In [27]:
from transformers import AutoModelForCausalLM, AutoConfig, AutoModelForSequenceClassification
import torch

model_name = "facebook/opt-125m"
device = "mps" if torch.backends.mps.is_available() else "cpu"


config = AutoConfig.from_pretrained(model_name)
model = AutoModelForCausalLM.from_pretrained(
    model_name,
    config=config,
).to(device)
model

OPTForCausalLM(
  (model): OPTModel(
    (decoder): OPTDecoder(
      (embed_tokens): Embedding(50272, 768, padding_idx=1)
      (embed_positions): OPTLearnedPositionalEmbedding(2050, 768)
      (final_layer_norm): LayerNorm((768,), eps=1e-05, elementwise_affine=True)
      (layers): ModuleList(
        (0-11): 12 x OPTDecoderLayer(
          (self_attn): OPTSdpaAttention(
            (k_proj): Linear(in_features=768, out_features=768, bias=True)
            (v_proj): Linear(in_features=768, out_features=768, bias=True)
            (q_proj): Linear(in_features=768, out_features=768, bias=True)
            (out_proj): Linear(in_features=768, out_features=768, bias=True)
          )
          (activation_fn): ReLU()
          (self_attn_layer_norm): LayerNorm((768,), eps=1e-05, elementwise_affine=True)
          (fc1): Linear(in_features=768, out_features=3072, bias=True)
          (fc2): Linear(in_features=3072, out_features=768, bias=True)
          (final_layer_norm): LayerNorm((768,)

In [28]:
config = AutoConfig.from_pretrained(model_name)
model = AutoModelForSequenceClassification.from_pretrained(
    model_name,
    config=config,
).to(device)
model

Some weights of OPTForSequenceClassification were not initialized from the model checkpoint at facebook/opt-125m and are newly initialized: ['score.weight']
You should probably TRAIN this model on a down-stream task to be able to use it for predictions and inference.

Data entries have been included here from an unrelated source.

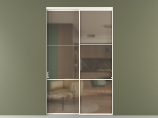 Во всех алюминиевых перегородках, независимо от типа установки, используется компланарный раздвижной механизм, благодаря которому декоративная крышка и полотно находятся в одной плоскости.
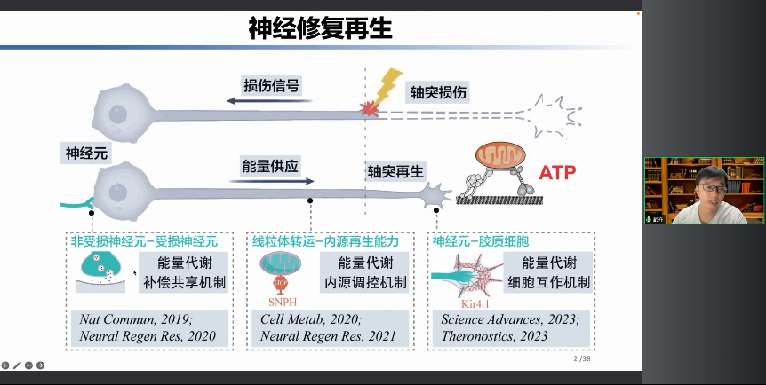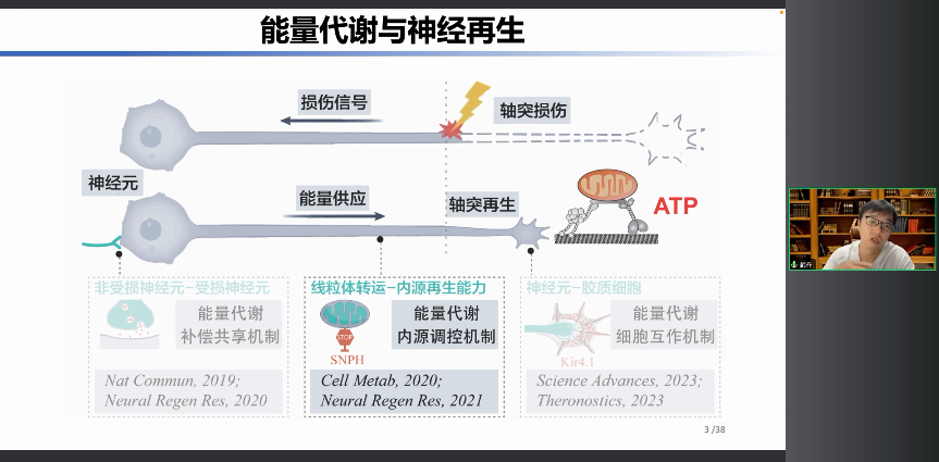 這些都是過去已經(jīng)發(fā)表的文章,我就不過多贅述。我想舉一個例子,在神經(jīng)的修復(fù)再生過程中,能量它是怎么通過一個內(nèi)源調(diào)控機制來促進神經(jīng)的軸突再生的。
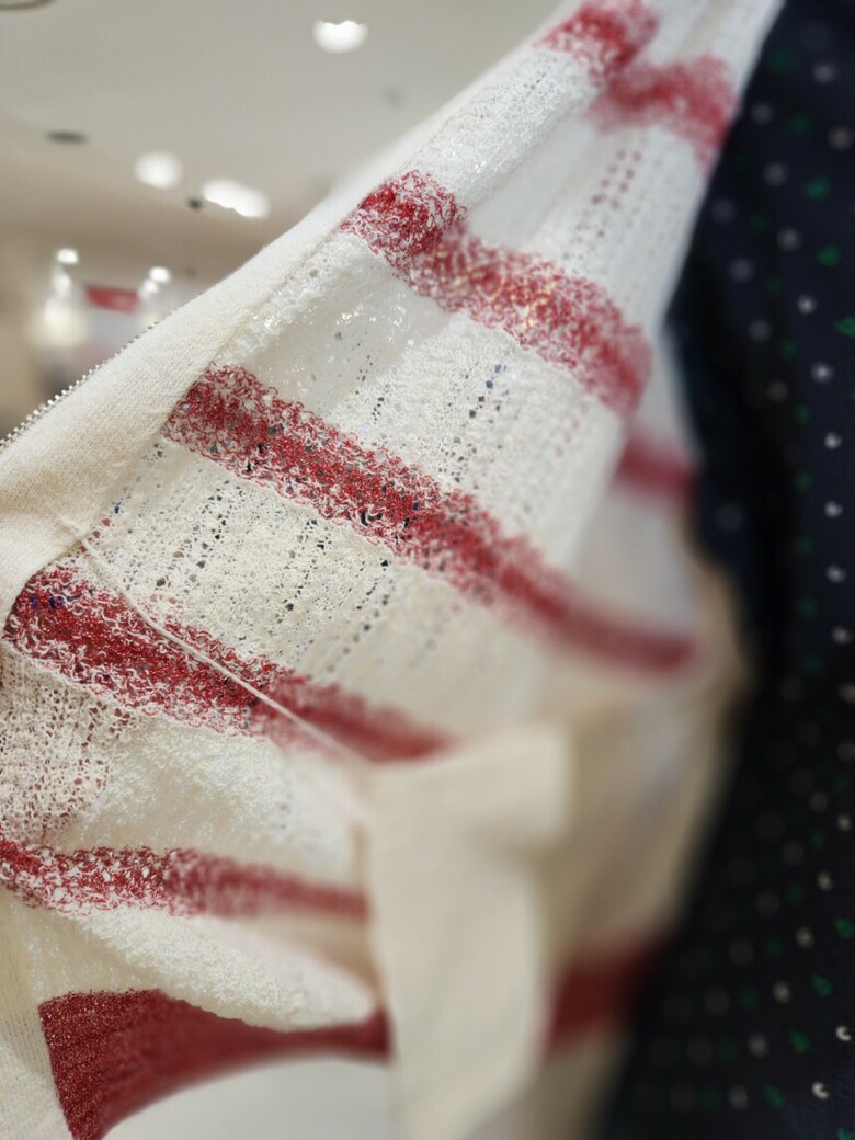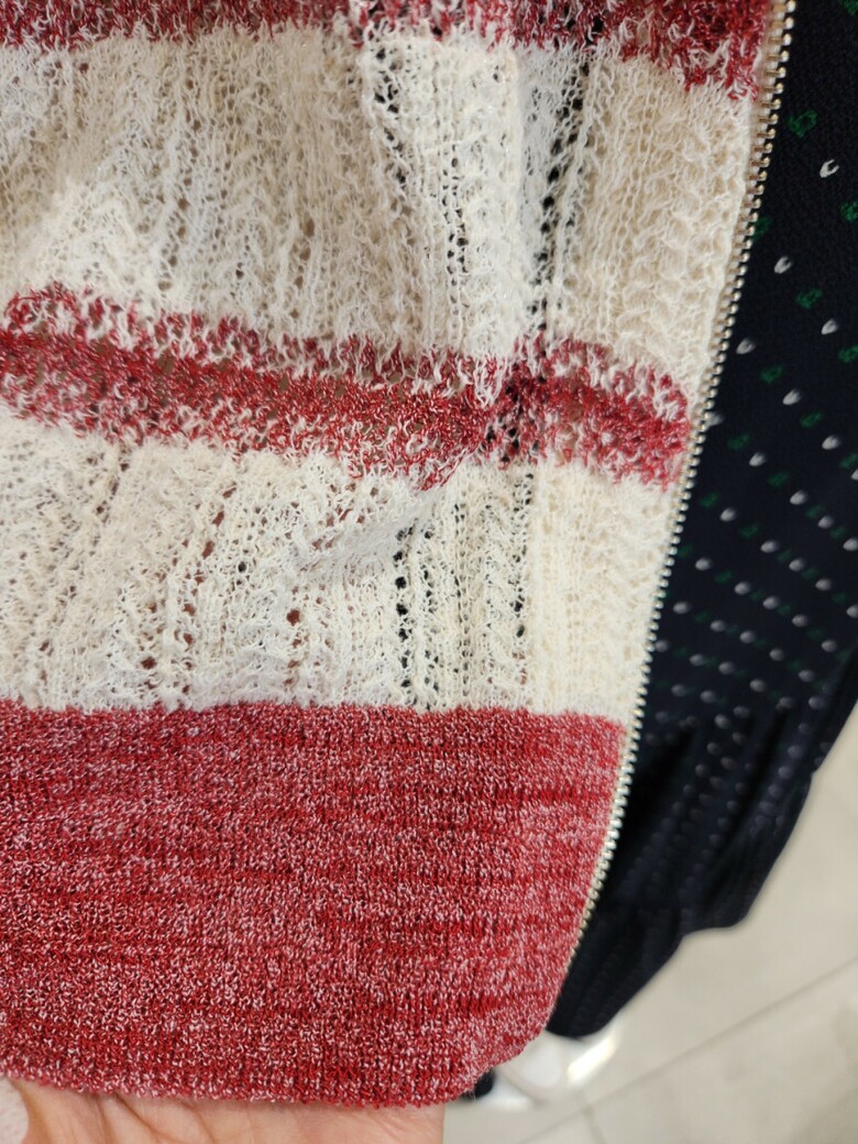 7.니트류는 자가드 프린트 기법으로 제작되어 앞부분에 예쁜 프린트처리가 되어 있습니다

OPTForSequenceClassification(
  (model): OPTModel(
    (decoder): OPTDecoder(
      (embed_tokens): Embedding(50272, 768, padding_idx=1)
      (embed_positions): OPTLearnedPositionalEmbedding(2050, 768)
      (final_layer_norm): LayerNorm((768,), eps=1e-05, elementwise_affine=True)
      (layers): ModuleList(
        (0-11): 12 x OPTDecoderLayer(
          (self_attn): OPTSdpaAttention(
            (k_proj): Linear(in_features=768, out_features=768, bias=True)
            (v_proj): Linear(in_features=768, out_features=768, bias=True)
            (q_proj): Linear(in_features=768, out_features=768, bias=True)
            (out_proj): Linear(in_features=768, out_features=768, bias=True)
          )
          (activation_fn): ReLU()
          (self_attn_layer_norm): LayerNorm((768,), eps=1e-05, elementwise_affine=True)
          (fc1): Linear(in_features=768, out_features=3072, bias=True)
          (fc2): Linear(in_features=3072, out_features=768, bias=True)
          (final_layer_norm): La

In [29]:
from torchinfo import summary
summary(model)

Layer (type:depth-idx)                             Param #
OPTForSequenceClassification                       --
├─OPTModel: 1-1                                    --
│    └─OPTDecoder: 2-1                             --
│    │    └─Embedding: 3-1                         38,608,896
│    │    └─OPTLearnedPositionalEmbedding: 3-2     1,574,400
│    │    └─LayerNorm: 3-3                         1,536
│    │    └─ModuleList: 3-4                        85,054,464
├─Linear: 1-2                                      1,536
Total params: 125,240,832
Trainable params: 125,240,832
Non-trainable params: 0

In [30]:
import math
from torch import nn

class LoRALayer(nn.Module):
    def __init__(self, weight, bias, lora_dim):
        super(LoRALayer, self).__init__()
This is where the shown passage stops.